Klint Kubiak isn’t wasting time.
Before the Raiders even make their No. 1 overall pick official, they’re quietly reshaping the trenches — and they just plucked a key piece from Jacksonville to do it.

The Las Vegas Raiders have hired Jaguars defensive assistant Mario Jeberaeel as their new offensive run game coordinator, according to NFL Network’s Tom Pelissero. And while the title alone raises eyebrows, the move says far more about where Kubiak wants this offense to go in 2026.
From Defense in Jacksonville… to Offense in Vegas
On paper, the transition feels unusual.

Jeberaeel spent the last two seasons in Jacksonville working on the defensive side of the ball — first as assistant outside linebackers coach in 2024 under Ryan Nielsen, then retained in 2025 under head coach Liam Coen.
But dig deeper, and the hire starts to make sense.
Jeberaeel’s roots are in the offensive line. He played offensive line in college and began his coaching career as an assistant offensive line coach before climbing to the NFL as the Falcons’ assistant offensive line coach in 2022.
This isn’t a defensive coach switching sides.

It’s a trench specialist returning home.
And Kubiak clearly values that.
What This Signals About the Raiders’ Identity
New head coach Klint Kubiak just coordinated a Super Bowl-winning offense in Seattle built on structure, balance, and physicality. If the Raiders follow that blueprint, the run game won’t be a supporting act — it will be foundational.

Hiring a dedicated run game coordinator underscores that priority.
This move suggests Las Vegas is serious about:
- Establishing physical dominance up front
- Maximizing young running back Ashton Jeanty
- Supporting a likely rookie quarterback (Fernando Mendoza remains heavily projected at No. 1 overall)
- Creating play-action opportunities in Kubiak’s system
If Mendoza is the future, the run game is the safety net.
Jeberaeel’s task? Build it.
A Jacksonville Staff in Flux
For the Jaguars, this marks another departure in an offseason already filled with change.

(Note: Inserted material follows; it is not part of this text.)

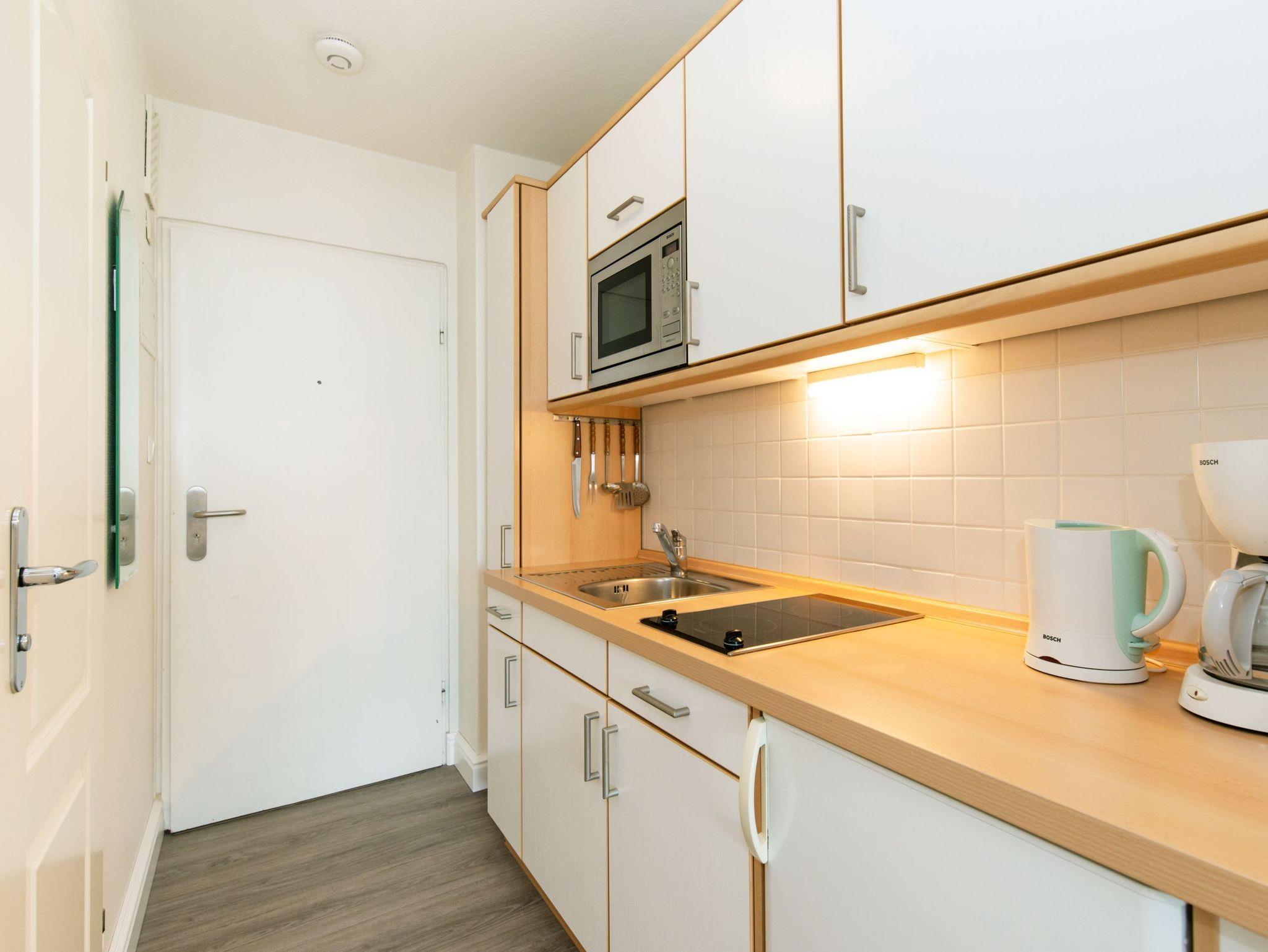 Die Küchenzeile hat eine Mikrowelle, ein Cerankochfeld und einen Kühlschrank mit 3*-Gefrierfach. Kaffeemaschine, Wasserkocher und Toaster gehören zur Grundausstattung.
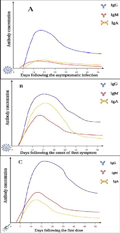 - The IgG antibodies dominate, followed by IgA and IgM after asymptomatic infection.

Jeberaeel becomes the third assistant from the 2025 staff to leave, joining:
- Secondary coach Ron Milius
- Assistant offensive line coach/run game specialist Keli’i Kekuewa (now Stanford’s OL coach)
Jacksonville has already made internal adjustments, hiring Mathieu Araujo as defensive passing game coordinator and Brian Picucci as offensive run game coordinator.
But more evolution is coming.
General manager James Gladstone recently hinted that defensive coordinator Anthony Campanile’s scheme will shift in 2026, emphasizing pressure metrics over raw sack totals.
Translation? Jacksonville is retooling.
And Las Vegas just benefited from that transition.
Why This Hire Matters More Than It Looks
Coordinator hires grab headlines.
Run game coordinators rarely do.
But in Kubiak’s system — and especially with a young quarterback potentially stepping into the spotlight — this role is critical.
If the Raiders can:
- Stabilize the offensive line
- Develop Jeanty into a true workhorse
- Keep defenses honest with consistent ground production
Then Mendoza (or whoever starts under center) won’t have to play hero every Sunday.
That’s how smart rebuilds happen.
Quietly.
Deliberately.
In the trenches.
The Bigger Picture
Kubiak isn’t assembling a flashy staff.
He’s assembling a functional one.

Jeberaeel brings offensive line DNA, defensive perspective, and NFL experience — a blend that could prove valuable when crafting run schemes that counter modern defensive trends.
The Raiders may dominate draft headlines in April.
But this move in February might be just as important.
Because before quarterbacks win championships…
Someone has to open the hole.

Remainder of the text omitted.